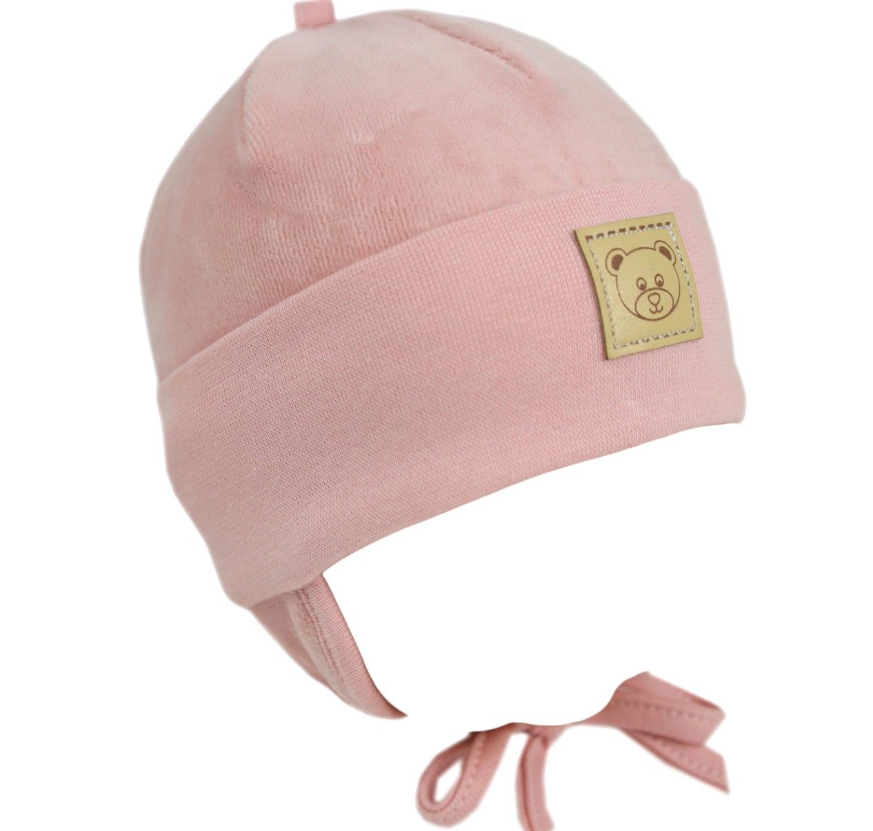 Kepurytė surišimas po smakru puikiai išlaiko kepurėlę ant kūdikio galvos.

* * *

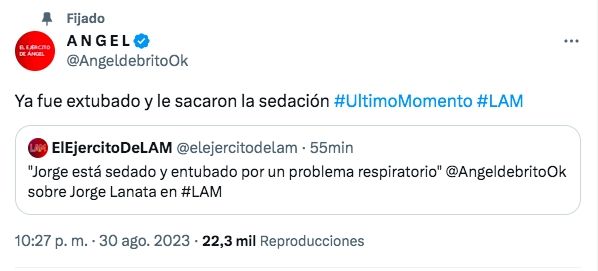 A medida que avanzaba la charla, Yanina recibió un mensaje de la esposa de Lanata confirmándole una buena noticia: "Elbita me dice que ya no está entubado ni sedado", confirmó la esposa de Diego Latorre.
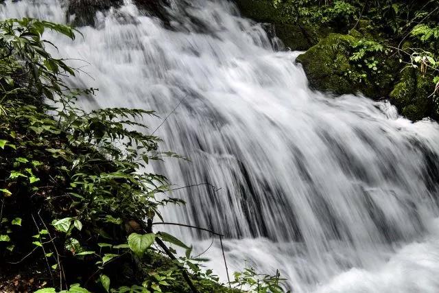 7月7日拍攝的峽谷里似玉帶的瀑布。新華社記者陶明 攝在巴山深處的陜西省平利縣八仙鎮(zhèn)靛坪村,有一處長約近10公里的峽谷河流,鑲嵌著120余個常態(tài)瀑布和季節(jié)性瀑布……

...

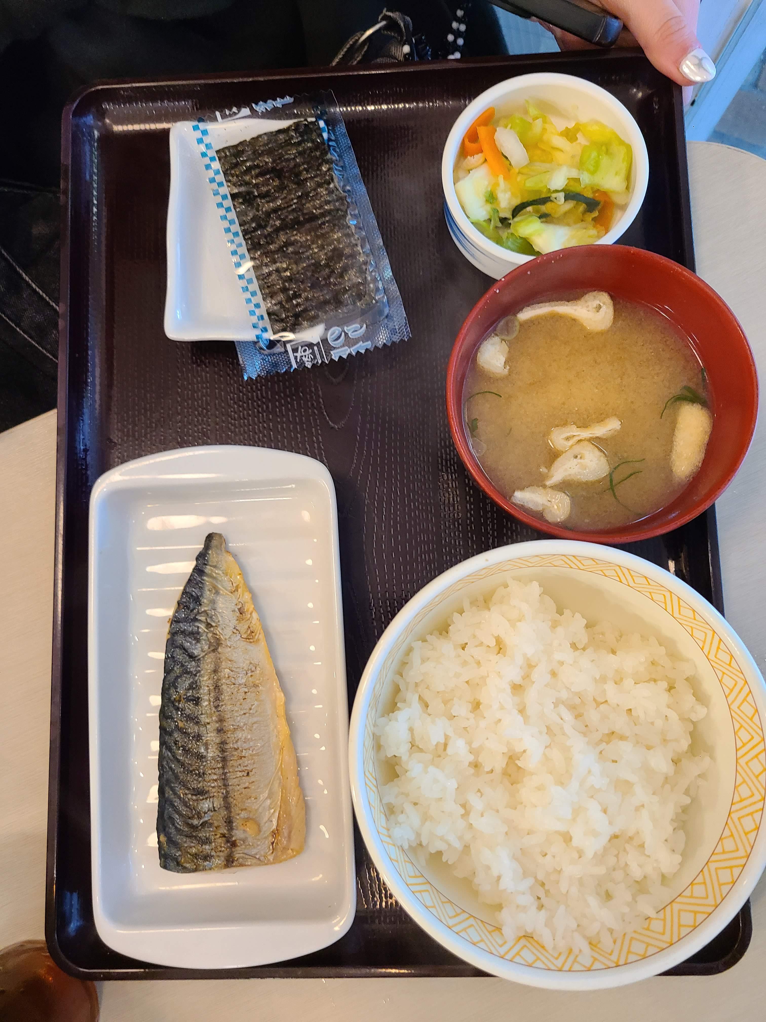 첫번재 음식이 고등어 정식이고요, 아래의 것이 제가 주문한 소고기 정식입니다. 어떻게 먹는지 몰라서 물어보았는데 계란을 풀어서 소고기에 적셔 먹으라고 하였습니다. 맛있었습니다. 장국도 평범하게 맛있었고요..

- [Task description]
In the listing above, find the line containing "A medida que" and the line containing "7月7日拍攝的峽谷里似玉帶的". Print those two lines and every line between them exactly, with no pictures.

- [Response to the task]
 A medida que avanzaba la charla, Yanina recibió un mensaje de la esposa de Lanata confirmándole una buena noticia: "Elbita me dice que ya no está entubado ni sedado", confirmó la esposa de Diego Latorre.
 7月7日拍攝的峽谷里似玉帶的瀑布。新華社記者陶明 攝在巴山深處的陜西省平利縣八仙鎮(zhèn)靛坪村,有一處長約近10公里的峽谷河流,鑲嵌著120余個常態(tài)瀑布和季節(jié)性瀑布……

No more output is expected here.